Cette concurrence pour les cavités est réelle et bien connue des naturalistes. Un nichoir à grand trou posé sans intention précise sera souvent pris par un étourneau avant toute autre espèce. Cela n'a rien de dramatique, mais il vaut mieux le savoir avant l'achat que le découvrir en avril.
- Passe dès 34 mm de trou d'envol
- Nichoirs spécifiques percés à 45 mm
- Rester à 28 ou 32 mm pour réserver aux mésanges
- Niche en petits groupes sur un même bâtiment
Cohabiter avec lui à la mangeoire
L'étourneau arrive rarement seul. Une bande peut vider en quelques minutes un poste de nourrissage garni pour la journée, ce qui décourage bien des gens. Il consomme de tout : préparations grasses, graines, fruits, restes divers, et sa capacité à liquider une réserve est sans commune mesure avec celle des mésanges.
La réponse la plus efficace est mécanique, pas hostile. Une mangeoire à cage grillagée, dont la maille laisse passer les petits passereaux et bloque les oiseaux plus corpulents, protège le contenu sans nuire à personne. Les porte-boules en cage remplissent la même fonction pour les préparations grasses.
Une autre approche consiste à partager : un plateau au sol garni de restes bon marché occupe la bande, pendant que les silos protégés servent les petites espèces. Chasser les étourneaux à la main ne donne aucun résultat durable, ils reviennent dans l'heure et le jardin y perd en tranquillité.

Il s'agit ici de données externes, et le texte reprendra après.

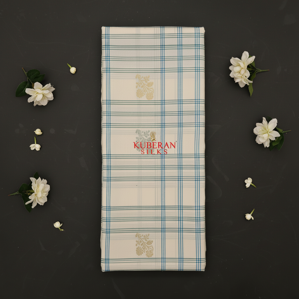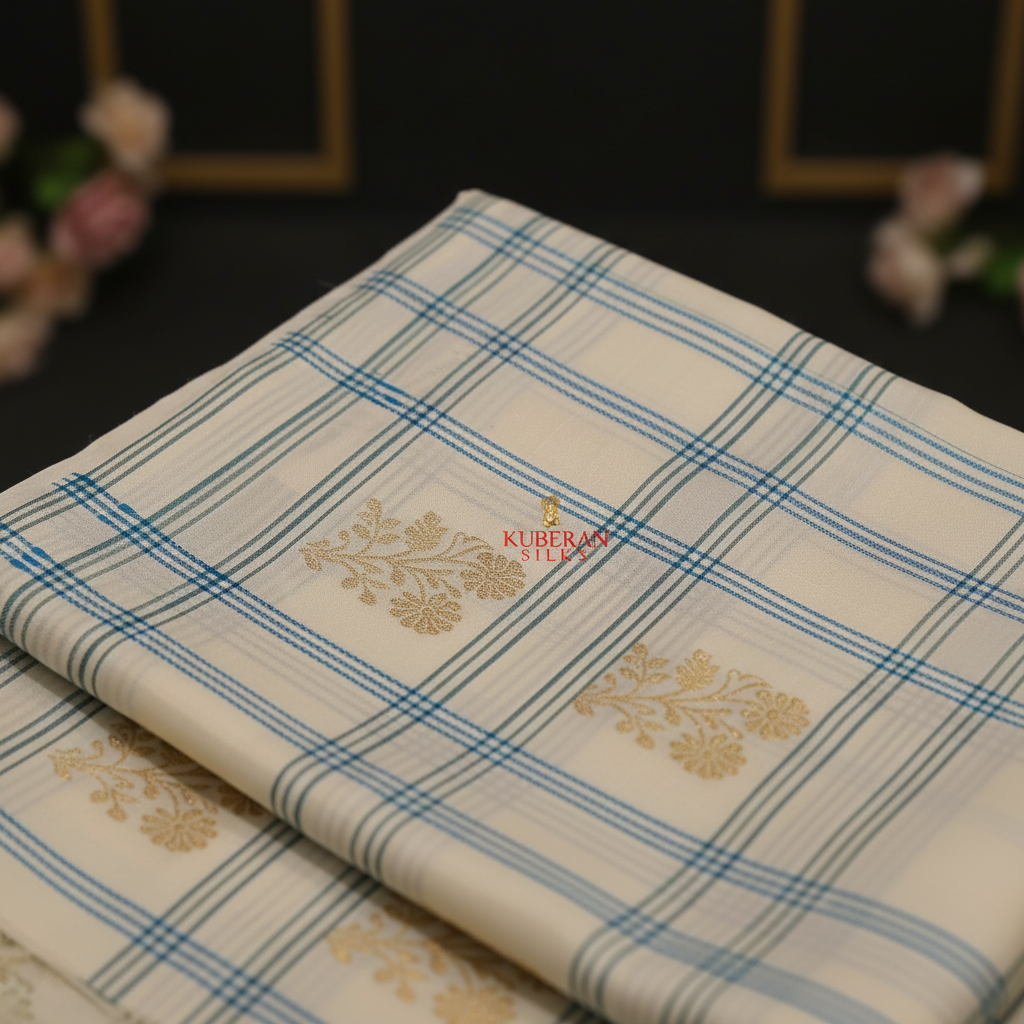 Kuberan Cream Blue Checkered Kanchipuram Silk Saree

Nuées et statut réglementaire
À l'automne et en hiver, les étourneaux forment des rassemblements spectaculaires qui évoluent d'un seul mouvement au-dessus des dortoirs, phénomène connu sous le nom de murmurations. C'est l'un des plus impressionnants spectacles ornithologiques accessibles depuis une ville française, en fin de journée, à la tombée du jour.
Ces dortoirs urbains provoquent aussi des nuisances réelles, bruit et déjections, et font l'objet d'arrêtés locaux. Le statut réglementaire de l'étourneau sansonnet n'est pas identique à celui des passereaux strictement protégés et varie selon les départements et les périodes. Avant toute intervention, renseignez-vous auprès des services de l'État compétents.

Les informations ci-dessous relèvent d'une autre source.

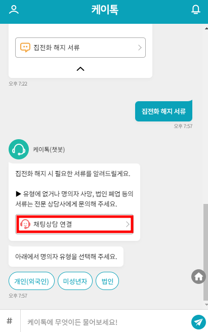 케이톡(챗봇)에 '집전화 해지'를 검색해주셨다면, KT 집전화 해지는 KT닷컴, 플라자, 고객센터를 통해서 해지를 할 수 있다는 내용이 나옵니다. '집전화 해지 서류'를 클릭해주신 다음 아래의 개인(외국인), 미성년자, 법인 3가지 중 하나를 선택하여 '채팅상담 연결' 버튼을 클릭하시면 됩니다.
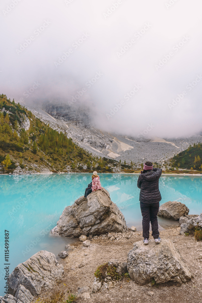 people admired the lake sorapis in the dolomites
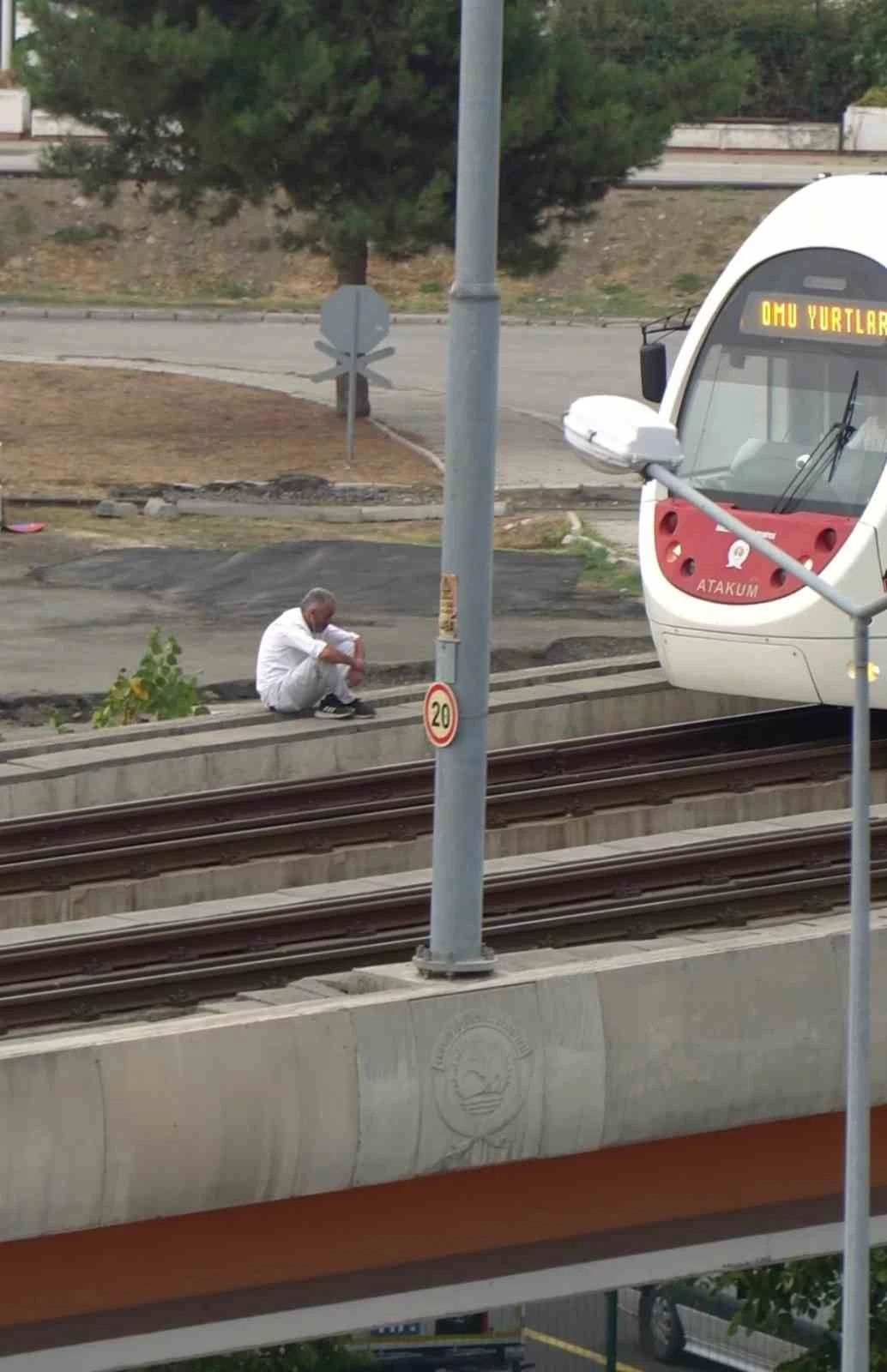 Olay, İlkadım ilçesinde Belediyeevleri ile Samsunspor istasyonları arasında bulunan ve yalnızca tramvayların geçtiği üst geçitte meydana geldi. Edinilen bilgiye göre, kimliği öğrenilemeyen bir erkek şahıs, tramvay üst geçidine çıkarak rayların ortasında müzik dinlemeye başladı. Bu sırada hattı kullanan tramvay sürücüsü, raylarda bir kişinin olduğunu görünce acil fren yaparak tramvayı durdurdu. Şahsın can güvenliğini tehlikeye atmaması için sürücü, kapıları açarak onu tramvaya aldı.

À l'échelle d'un jardin, la question ne se pose pas dans ces termes. Un ou deux couples nicheurs sous une toiture ne créent aucun problème sérieux, et les allées et venues des adultes chargés de larves sont un très bon indicateur de la santé du sol alentour, ces oiseaux prélevant énormément d'invertébrés dans les pelouses.
Questions fréquentes
Quel diamètre de trou l'étourneau peut-il franchir ?

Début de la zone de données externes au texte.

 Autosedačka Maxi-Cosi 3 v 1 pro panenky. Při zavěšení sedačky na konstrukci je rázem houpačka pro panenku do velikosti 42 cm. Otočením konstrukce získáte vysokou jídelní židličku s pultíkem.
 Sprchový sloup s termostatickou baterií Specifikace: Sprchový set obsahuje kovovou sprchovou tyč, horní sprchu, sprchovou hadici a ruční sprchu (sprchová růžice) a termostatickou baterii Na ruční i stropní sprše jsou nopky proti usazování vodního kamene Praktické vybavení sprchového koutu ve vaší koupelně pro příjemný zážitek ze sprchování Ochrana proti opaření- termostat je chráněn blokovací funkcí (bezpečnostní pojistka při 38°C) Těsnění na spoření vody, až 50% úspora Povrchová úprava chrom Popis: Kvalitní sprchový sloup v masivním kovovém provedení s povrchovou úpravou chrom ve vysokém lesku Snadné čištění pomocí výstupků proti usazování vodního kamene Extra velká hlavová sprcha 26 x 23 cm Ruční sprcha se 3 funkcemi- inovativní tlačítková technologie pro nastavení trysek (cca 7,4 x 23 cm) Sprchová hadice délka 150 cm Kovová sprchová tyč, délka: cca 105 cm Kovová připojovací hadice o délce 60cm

Il passe dès trente-quatre millimètres, et les nichoirs qui lui sont destinés sont généralement percés à quarante-cinq millimètres. C'est la raison pour laquelle les nichoirs à mésanges sont limités à vingt-huit ou trente-deux millimètres : au-delà, l'étourneau entre et occupe la place avant les espèces plus petites.
Comment empêcher les étourneaux de vider la mangeoire ?
Utilisez une mangeoire ou un porte-boules à cage grillagée, dont la maille laisse passer les petits passereaux et bloque les oiseaux corpulents. Vous pouvez aussi proposer en parallèle un plateau au sol garni de restes bon marché, qui occupe la bande. Les chasser à la main ne donne aucun résultat durable.
Étourneau ou merle, comment les distinguer ?
Regardez la démarche et la queue. L'étourneau marche à pas rapides, il est trapu, à queue courte, moucheté en hiver et à reflets métalliques au printemps. Le merle avance par bonds, il est plus grand, d'un noir mat uniforme, avec un bec orange, un cercle oculaire jaune et une queue nettement plus longue.
L'étourneau est-il un oiseau protégé ?
Son statut réglementaire diffère de celui des passereaux strictement protégés et varie selon les départements et les périodes. Il fait l'objet d'arrêtés spécifiques, notamment en lien avec les dortoirs urbains et les dégâts agricoles. Avant toute intervention sur un nid ou un dortoir, renseignez-vous auprès des services de l'État compétents de votre département.